### Aim of the exercise
Word for word, print each line of the listing below; pictures stay out.

### Dataset section
=======

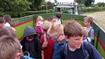 Bist du schon einmal Trecker gefahren? Wir schon, am 20.06.2018, zumindest im Anhänger. Mit viel Gekreisch ging es durch Felder und Wiesen. Damit uns nicht langweilig wurde und wir natürlich auch was lernen konnten, hielt Herr Schlensker zwischendurch immer wieder an und zeigte uns verschiedene Pflanzen. Hoffentlich können jetzt alle Gerste von Weizen und Hafer unterscheiden. Weißt du auch noch, woraus man Bier brauen kann? Während der Klatschmohn besonders hübsch aussah, duftete die Kamille sehr gut. Die Zuckerrübe müssen wir noch probieren. Auf dem Hof angekommen, begrüßten uns die Hunde überschwänglich. Dann hieß es erstmal auf der Wiese frühstücken. Das war auch gut so, denn nach dem Besuch im Schweinestall, hätten wir vielleicht nicht mehr essen mögen. Die Schweine sahen zartrosa und sauber aus. Gestunken hat es aber trotzdem. Ganz unruhig ging es im Hühnerstall zu. Das Gegacker nahm gar kein Ende und wie viel Eier die gelegt haben. Wahnsinn! Zum Schluss durften wir noch bei dem neugeborenen Alpaka vorbeischauen. Das sah vielleicht süß aus. Mit dem Trecker ging es wieder zurück zum Windrad und von dort gingen wir zur Schule zurück. Morgen wandern wir zur Freilichtbühne und am Freitag? Von uns aus, könnte es ruhig jeden Tag so weiter gehen.
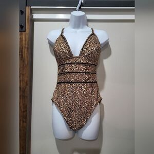 BAR III Women's Bonita Cheetah X-Back One-Piece Swimsuit NWOT size Large
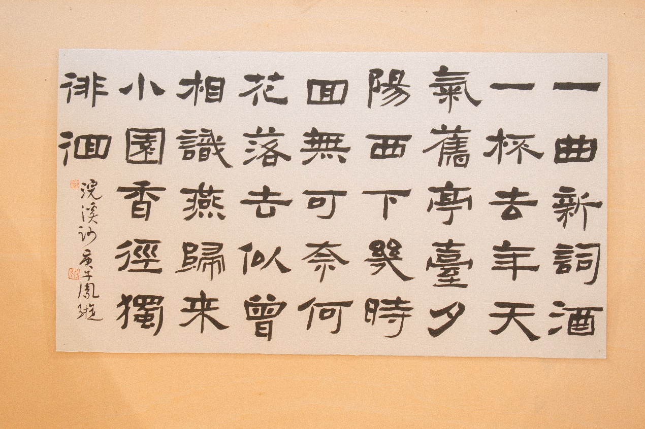 本次参展作品主题丰富,不仅有“荷叶罗裙一色裁,芙蓉向脸两边开”的古典美景,还有“君自故乡来,应知故乡事”的思乡情怀,而“从心”、“问渠哪得清如许,唯有源头活水来”则表达了独特的中式哲理。这些展品的技法也较丰富,篆书、草书、隶书、楷书,风格各异,琳琅满目。同时,部分展品取材于意大利著名诗歌,包括马尔凯大区本地诗人赛尔乔·莱昂内的《无限》,文艺复兴巨匠但丁的《神曲》,力图将中意文化融为一体。
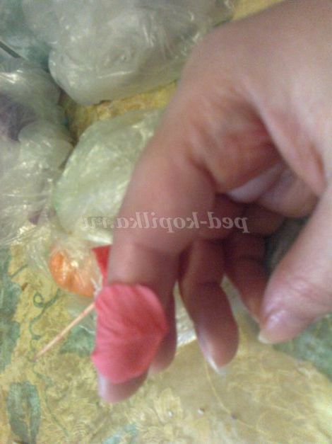Важливо зручно покласти пелюстка, з яким ви працюєте, на палець. Потім повертаєте квітка і працюєте з новим пелюсткою.

=======

### Reply
 Bist du schon einmal Trecker gefahren? Wir schon, am 20.06.2018, zumindest im Anhänger. Mit viel Gekreisch ging es durch Felder und Wiesen. Damit uns nicht langweilig wurde und wir natürlich auch was lernen konnten, hielt Herr Schlensker zwischendurch immer wieder an und zeigte uns verschiedene Pflanzen. Hoffentlich können jetzt alle Gerste von Weizen und Hafer unterscheiden. Weißt du auch noch, woraus man Bier brauen kann? Während der Klatschmohn besonders hübsch aussah, duftete die Kamille sehr gut. Die Zuckerrübe müssen wir noch probieren. Auf dem Hof angekommen, begrüßten uns die Hunde überschwänglich. Dann hieß es erstmal auf der Wiese frühstücken. Das war auch gut so, denn nach dem Besuch im Schweinestall, hätten wir vielleicht nicht mehr essen mögen. Die Schweine sahen zartrosa und sauber aus. Gestunken hat es aber trotzdem. Ganz unruhig ging es im Hühnerstall zu. Das Gegacker nahm gar kein Ende und wie viel Eier die gelegt haben. Wahnsinn! Zum Schluss durften wir noch bei dem neugeborenen Alpaka vorbeischauen. Das sah vielleicht süß aus. Mit dem Trecker ging es wieder zurück zum Windrad und von dort gingen wir zur Schule zurück. Morgen wandern wir zur Freilichtbühne und am Freitag? Von uns aus, könnte es ruhig jeden Tag so weiter gehen.
 BAR III Women's Bonita Cheetah X-Back One-Piece Swimsuit NWOT size Large
 本次参展作品主题丰富,不仅有“荷叶罗裙一色裁,芙蓉向脸两边开”的古典美景,还有“君自故乡来,应知故乡事”的思乡情怀,而“从心”、“问渠哪得清如许,唯有源头活水来”则表达了独特的中式哲理。这些展品的技法也较丰富,篆书、草书、隶书、楷书,风格各异,琳琅满目。同时,部分展品取材于意大利著名诗歌,包括马尔凯大区本地诗人赛尔乔·莱昂内的《无限》,文艺复兴巨匠但丁的《神曲》,力图将中意文化融为一体。
Важливо зручно покласти пелюстка, з яким ви працюєте, на палець. Потім повертаєте квітка і працюєте з новим пелюсткою.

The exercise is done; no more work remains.